WHAT NEEDS TO BE DONE: Determine how many lines of the records include "году", and answer with the number alone.

RECORDS FOR THIS TASK:

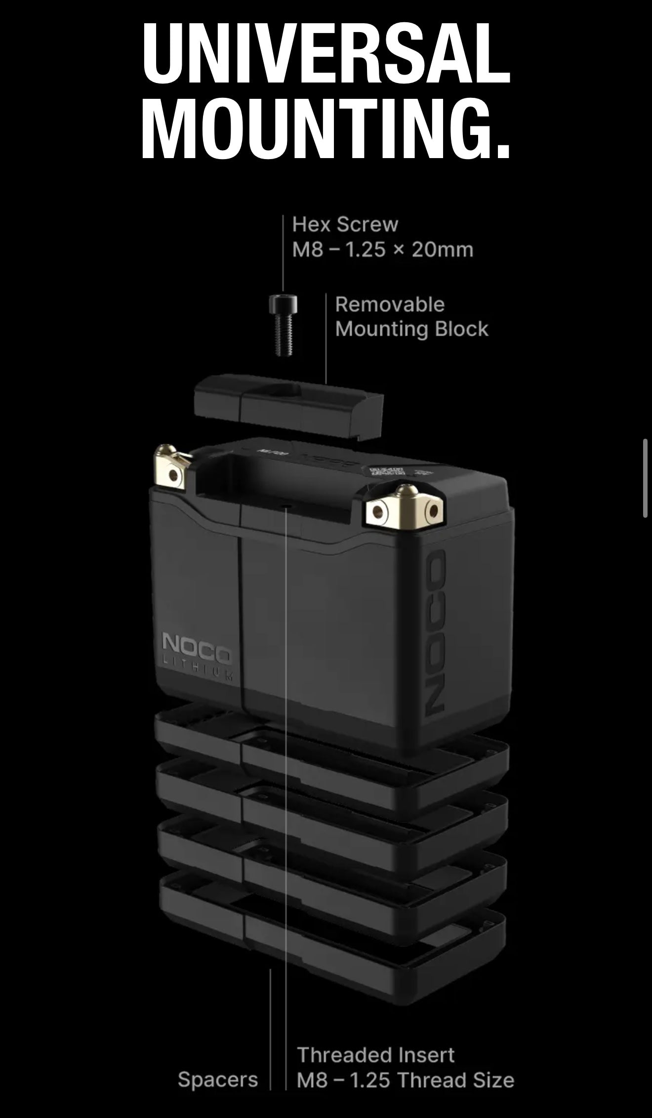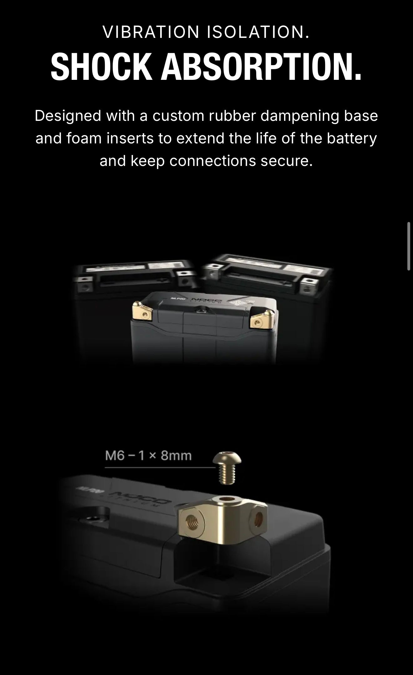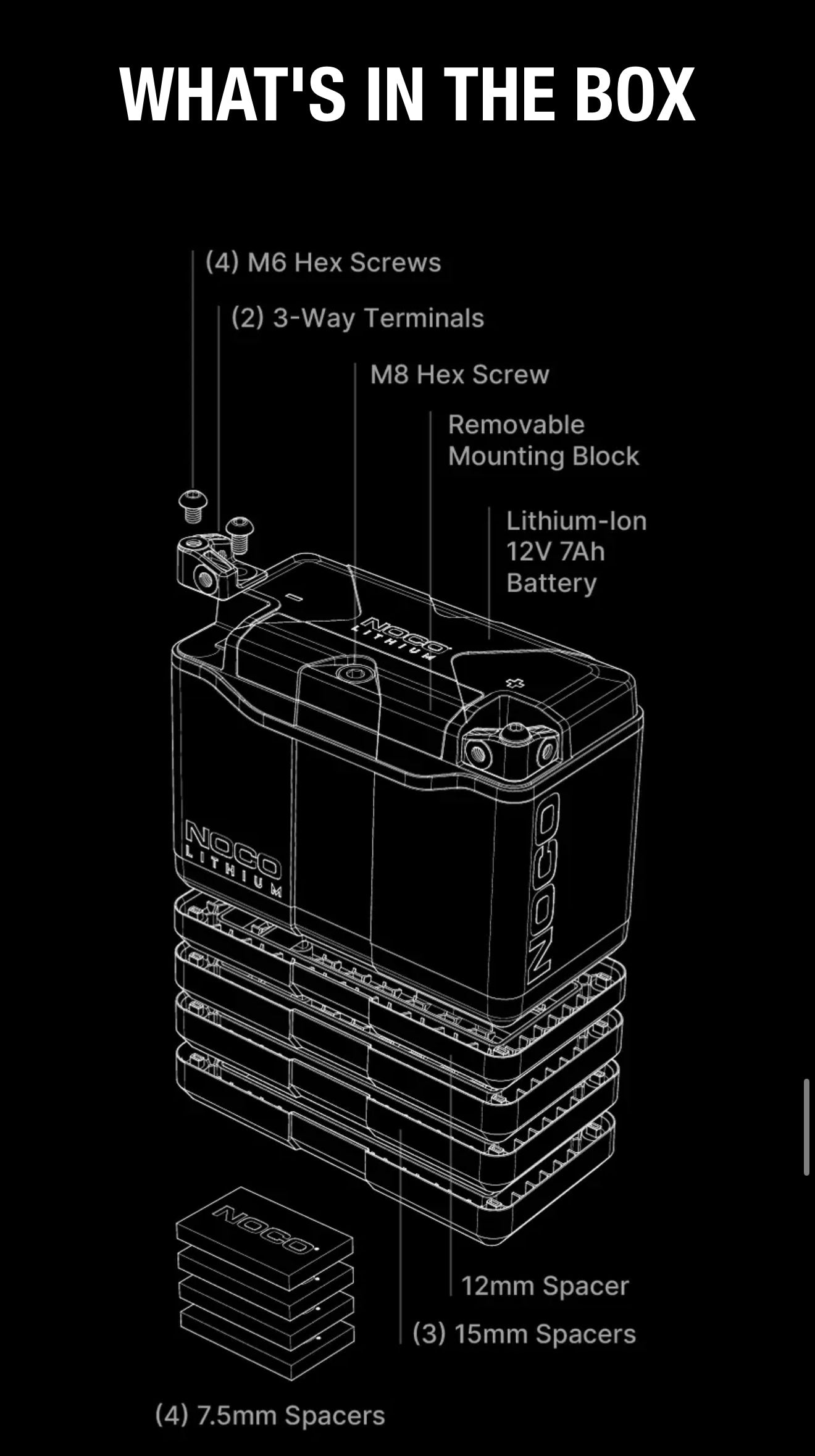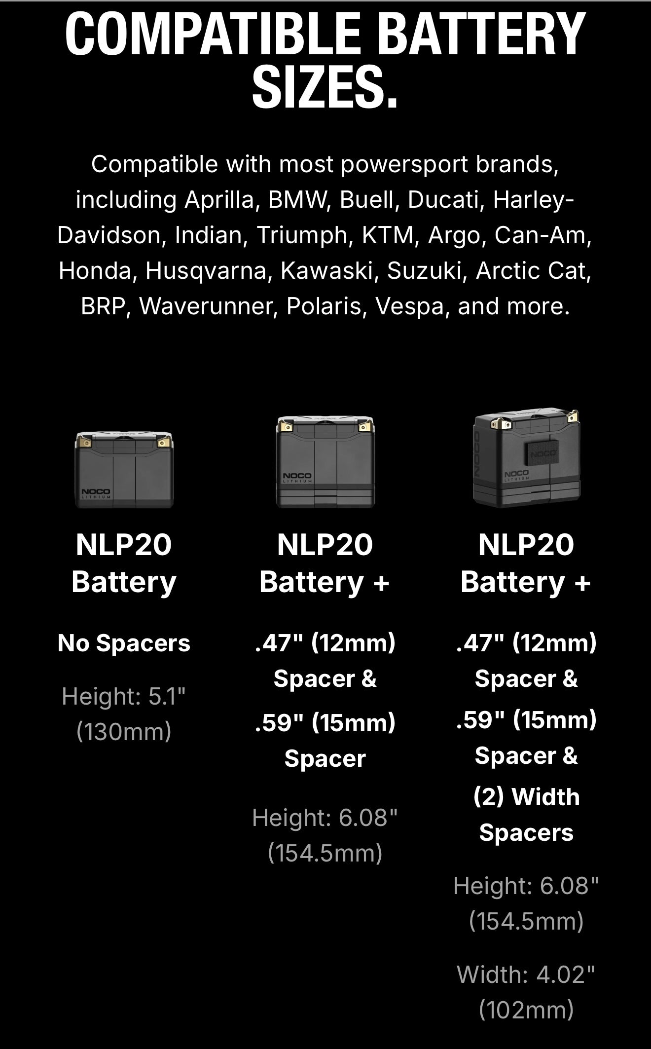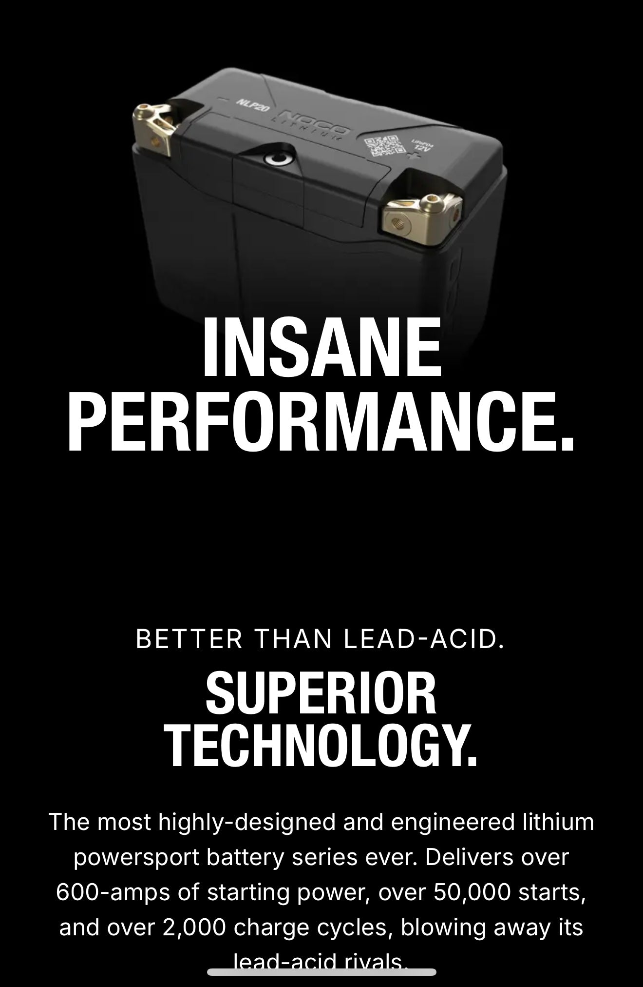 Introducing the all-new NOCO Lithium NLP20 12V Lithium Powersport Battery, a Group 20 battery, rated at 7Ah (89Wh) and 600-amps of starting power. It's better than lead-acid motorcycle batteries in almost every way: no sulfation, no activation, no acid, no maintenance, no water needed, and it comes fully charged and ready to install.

...

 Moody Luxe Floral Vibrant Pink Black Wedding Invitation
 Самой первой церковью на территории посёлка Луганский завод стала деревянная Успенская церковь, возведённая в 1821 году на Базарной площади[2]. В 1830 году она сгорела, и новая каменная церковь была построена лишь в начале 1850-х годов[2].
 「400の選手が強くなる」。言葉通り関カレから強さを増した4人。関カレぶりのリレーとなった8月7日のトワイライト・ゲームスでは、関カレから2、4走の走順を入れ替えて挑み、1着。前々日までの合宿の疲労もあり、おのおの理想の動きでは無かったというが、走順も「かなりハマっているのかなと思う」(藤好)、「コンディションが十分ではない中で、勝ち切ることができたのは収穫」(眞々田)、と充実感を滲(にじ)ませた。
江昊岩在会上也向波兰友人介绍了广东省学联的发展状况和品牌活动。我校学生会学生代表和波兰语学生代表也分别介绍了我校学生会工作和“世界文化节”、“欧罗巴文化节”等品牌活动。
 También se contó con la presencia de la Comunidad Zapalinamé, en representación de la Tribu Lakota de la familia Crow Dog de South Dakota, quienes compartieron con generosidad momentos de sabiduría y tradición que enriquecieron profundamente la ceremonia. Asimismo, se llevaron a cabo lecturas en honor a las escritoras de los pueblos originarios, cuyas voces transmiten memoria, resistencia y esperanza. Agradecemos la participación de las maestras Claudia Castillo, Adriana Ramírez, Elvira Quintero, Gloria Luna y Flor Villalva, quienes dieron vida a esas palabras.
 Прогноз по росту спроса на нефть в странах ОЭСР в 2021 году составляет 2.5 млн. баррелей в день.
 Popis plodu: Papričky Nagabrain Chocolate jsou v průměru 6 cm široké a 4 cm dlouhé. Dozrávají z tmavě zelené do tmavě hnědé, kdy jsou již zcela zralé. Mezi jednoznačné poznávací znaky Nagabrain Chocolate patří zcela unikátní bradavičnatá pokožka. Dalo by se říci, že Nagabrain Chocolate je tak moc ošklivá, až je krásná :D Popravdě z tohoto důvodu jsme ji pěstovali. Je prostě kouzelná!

EXERCISE SOLUTION: 2